KDE Security Advisory: Konqueror SSL vulnerability
Original Release Date: 2002-08-18
URL:
http://www.kde.org/info/security/advisory-20020818-1.txt

0. References:
http://online.securityfocus.com/archive/1/286290/2002-07-31/2002-08-06/
http://online.securityfocus.com/archive/1/287050/2002-08-07/2002-08-13/

1. Systems affected:

All versions of KDE up to and including KDE 3.0.2

2. Overview:

KDE's SSL implementation fails to check the basic constraints on
certificates and as a result may accept certificates as valid that were signed
by an issuer who was not authorized to do so.

3. Impact:

Users of Konqueror and other SSL enabled KDE software may fall victim
to a malicious man-in-the-middle attack without noticing. In such case the
user will be under the impression that there is a secure connection with a
trusted site while in fact a different site has been connected to.

4. Solution:

Upgrade kdelibs to KDE 3.0.3. A patch for KDE 2.2.2 is available as
well for users that are unable to upgrade to KDE 3.

5. Patch:
A patch for KDE 2.2.2 is available from
ftp://ftp.kde.org/pub/kde/security_patches :

0e0da738b276567e9ee36aa824e86124 post-2.2.2-kdelibs-kssl.diff

Comments

I just picked up that Waldo had it fixed only 95 minutes after it had been reported!
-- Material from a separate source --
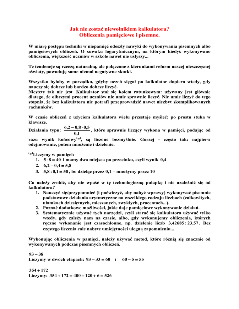 Jak nie zostać niewolnikiem kalkulatora? Obliczenia pamięciowe i pisemne. W miarę postępu techniki w niepamięć odeszły nawyki do wykonywania pisemnych albo pamięciowych obliczeń. O suwaku logarytmicznym, na którym kiedyś wykonywano obliczenia, większość uczniów w szkole nawet nie usłyszy... Te tendencje są rzeczą naturalną, ale połączone z kierunkami reform naszej nieszczęsnej oświaty, powodują same niemal negatywne skutki. Wszystko byłoby w porządku, gdyby uczeń sięgał po kalkulator dopiero wtedy, gdy nauczy się dobrze lub bardzo dobrze liczyć. Niestety tak nie jest. Kalkulator stał się kołem ratunkowym: używany jest głównie dlatego, że olbrzymi procent uczniów nie umie sprawnie liczyć. Nie umie liczyć do tego stopnia, że bez kalkulatora nie potrafi przeprowadzić nawet niezbyt skomplikowanych rachunków. W czasie obliczeń z użyciem kalkulatora wielu przestaje myśleć; po prostu stuka w klawisze. 6 , 2 − 0 ,8 ⋅ 0 ,5 Działania typu: , które sprawnie liczący wykona w pamięci, podając od 0,1 razu wynik końcowy(*), są liczone bezmyślnie. Gorzej - często tak: najpierw odejmowanie, potem mnożenie i dzielenie. ( ) * Liczymy w pamięci: 1. 5 ⋅ 8 = 40 i mamy dwa miejsca po przecinku, czyli wynik 0,4 2. 6,2 − 0,4 = 5,8 3. 5,8 : 0,1 = 58 , bo dzieląc przez 0,1 – mnożymy przez 10 Co należy zrobić, aby nie wpaść w tę technologiczną pułapkę i nie uzależnić się od kalkulatora? 1. Nauczyć się/przypomnieć (i poćwiczyć, aby nabyć wprawy) wykonywać pisemnie podstawowe działania arytmetyczne na wszelkiego rodzaju liczbach (całkowitych, ułamkach dziesiętnych, mieszanych, zwykłych, procentach...). 2. Poznać dodatkowe możliwości, jakie daje pamięciowe wykonywanie działań. 3. Systematycznie używać tych narzędzi, czyli starać się kalkulatora używać tylko wtedy, gdy zależy nam na czasie, albo, gdy wykonujemy obliczenia, których ręczne wykonanie jest czasochłonne, np. dzielenie liczb 3,42685 : 23,57 . Bez częstego liczenia całe nabyte umiejętności ulegną zapomnieniu... Wykonując obliczenia w pamięci, należy używać metod, które różnią się znacznie od wykonywanych podczas pisemnych obliczeń. 93 − 38 Liczymy w dwóch etapach: 93 − 33 = 60 i 354 + 172 Liczymy: 354 + 172 = 400 + 120 + 6 = 526 60 − 5 = 55 Można tu stosować różne techniki zależne od upodobań, lecz ich idea została w powyższych przykładach zilustrowana. Dużo większe możliwości liczenia pamięciowego daje mnożenie liczb. Przykłady. 1. 102 ⋅ 56 Licz tak: 100 ⋅ 56 = 5600 2 ⋅ 56 = 112 Razem: 5712 2. 25 ⋅ 73 Licz tak: 100 ⋅ 73 = 7300 25 ⋅ 73 to 4 razy mniej połowa z 7300 to 3650 połowa z 3650 to 1825 1 Dlaczego tak? Połowa z połowy to . W pamięci łatwiej podzielić przez 2, a przez 4 4 trudniej. 3. 992 Licz tak: 992 = 99 ⋅ 99 100 ⋅ 99 = 9900 1 ⋅ 99 = 99 9900 − 99 = 9801 4. 9 ⋅ 57 Licz tak: 10 ⋅ 57 = 570 1 ⋅ 57 = 57 570 − 57 = 513 5. 50 ⋅ 47 Licz tak: 100 ⋅ 47 = 4700 50 ⋅ 47 to połowa z 4700, czyli 2350 6. 15 ⋅ 62 Licz tak: 10 ⋅ 62 = 620 5 ⋅ 62 to połowa z 620, czyli 310. 620 + 310 = 930 Ogólnie: metodę dostosowujemy do mnożonych liczb. Warto ze względu na użyteczność (częste występowanie), nauczyć się mnożyć dwie liczby dwucyfrowe. Wyprowadzimy metodę takiego mnożenia. Mnożymy liczbę 10a + b przez 10x + y . (10a + b ) ⋅ (10x + y ) = 100ax + 10ay + 10bx + by = 100ax + 10 ⋅ (ay + bx) + by ax – to liczba setek wyniku, czyli jest to iloczyn cyfr dziesiątek obu liczb ay + bx - liczba dziesiątek wyniku to suma iloczynów cyfry dziesiątek jednej liczby przez cyfrę jedności drugiej by – liczba jedności wyniku (iloczyn cyfr jedności obu liczb) A teraz zastosujemy tą metodę mnożąc 48 ⋅ 56 : 1. Krok pierwszy: mnożymy cyfry jedności 8 ⋅ 6 = 48 Jedności mamy 8, a liczbę 4 zapamiętujemy (powiększy ona liczbę dziesiątek wyniku). Piszemy więc wynik mnożenia od tyłu: ...8 (i 4 pamiętamy). 2. Krok drugi: liczymy sumę iloczynów cyfry dziesiątek jednej liczby przez cyfrę jedności drugiej: 4 ⋅ 6 + 8 ⋅ 5 = 24 + 40 = 64 . 64 jest liczbą dziesiątek, ale z kroku pierwszego zostały nam jeszcze 4 dziesiątki, łącznie mamy 68 dziesiątek. Cyfrę 8 dopisujemy do wyniku: ...88, a liczbę 6 zapamiętujemy (powiększy ona liczbę setek wyniku). 3. Mnożymy cyfry dziesiątek: 4 ⋅ 5 = 20 i dodajemy zapamiętaną liczbę 6: 20 + 6 = 26 . Zapisujemy wynik: 2688. Jeszcze jeden przykład (bez opisu słownego): 37 ⋅ 29 = .....3 (pamiętamy 6) 37 ⋅ 29 = ....73 (pamiętamy 4) 37 ⋅ 29 = 1073 Dzielenie nie daje takich możliwości, jak mnożenie. Najczęściej wykonujemy je pisemnie, choć są wyjątki. Dobrym przykładem jest dzielenie przez liczby jednocyfrowe – tu piszemy wynik „z pamięci”. Przykład: 71487 : 9 71 dzielimy przez 9 i mamy pierwszą cyfrę wyniku: 7, bo 7 ⋅ 9 = 63 . Zapamiętujemy resztę z dzielenia: 71 − 63 = 8 . Do cyfry 8 „dopisujemy” w pamięci następną cyfrę dzielnej, czyli 4. Będziemy dzielić 84 przez 9: 9 i reszta 3. 9 dopisujemy do wyniku, mamy teraz 79, a do cyfry 3 „dopisujemy” 8. 38:9 daje 4 i resztę 2. Teraz wynik wygląda tak: 794, a do cyfry 2 „dopisujemy” 7. 27:9=3, czyli końcowy wynik: 7943. Taki ciąg czynności jest zwykłym dzieleniem pisemnym, ale piszemy sam wynik, a resztę obliczeń przeprowadzamy w pamięci. Pamiętajmy jednak, że wyjątków jest więcej. Dzielimy przez 20? To podzielmy przez 2, a potem przesuńmy przecinek o jedno miejsce w lewo (dzielenie przez 10). Dzielimy przez 50? To podzielmy przez 100, a potem pomnóżmy otrzymany wynik przez 2. I tak dalej, przykłady można mnożyć. Na koniec porozmawiamy nieco o obliczaniu pierwiastków. Można takie obliczenia przeprowadzać pisemnie, choć przydatna jest głównie umiejętność obliczania pierwiastka kwadratowego. Przed obliczeniem pierwiastka kwadratowego, np. 2237,29 „dzielimy” liczbę na dwucyfro

HE!.. why is it that i shake my head overbearingly when 'em comercial companies say that "the KDE/Linux community isnt as professional" as they are? When was the last time HugeHard (or what was the name again?) fixed *anything* in less then a month?

Keep Up the Excelent Work... we love ya for it!

/kidcat


By kidcat at Mon, 2002/08/19 - 5:00am

Don't believe everything which originates from Slashdot.


By Anonymous at Mon, 2002/08/19 - 5:00am

This 95 minutes came from OSNews.com


By arjuna at Mon, 2002/08/19 - 5:00am

No, the OSnews author read the Slashdot headline. Compare articles dates and times.


By Anonymous at Mon, 2002/08/19 - 5:00am

Who cares? If it took 24hrs to fix it, it's
still a much better performance compared to
a well known proprietary company.


By Leo at Mon, 2002/08/19 - 5:00am

The critics who complain that 95min are not sufficient to implement and test a patch. AFAIR the first posted patch had to be a little bit corrected later.


By Anonymous at Mon, 2002/08/19 - 5:00am

That's how open source works. You write a patch and then post it, so that others can have a look at it. Important is not, when the first patch was posted, but how many looked into it and tested it before it was released.


By michael at Tue, 2002/08/20 - 5:00am

If you say it was fixed on 95 minutes, in this case, it is important because it is not true.

Waldo had started to write the fix before the original advisory was posted, because he knew about it in advance.

I think it was something like 48 hours or so.

So, if 48 hours is impressive, cool.

But everyone, stop saying 90 minutes, because you are spreading misinformation.


By Roberto Alsina at Tue, 2002/08/20 - 5:00am

So....95 minutes....impressive.


By Kevin at Fri, 2002/08/23 - 5:00am

Yep, and check this out IE has the same bug but not in the browser it is in OS, and it is still unpatched http://www.linuxquestions.org/questions/showthread.php?postid=131116#pos...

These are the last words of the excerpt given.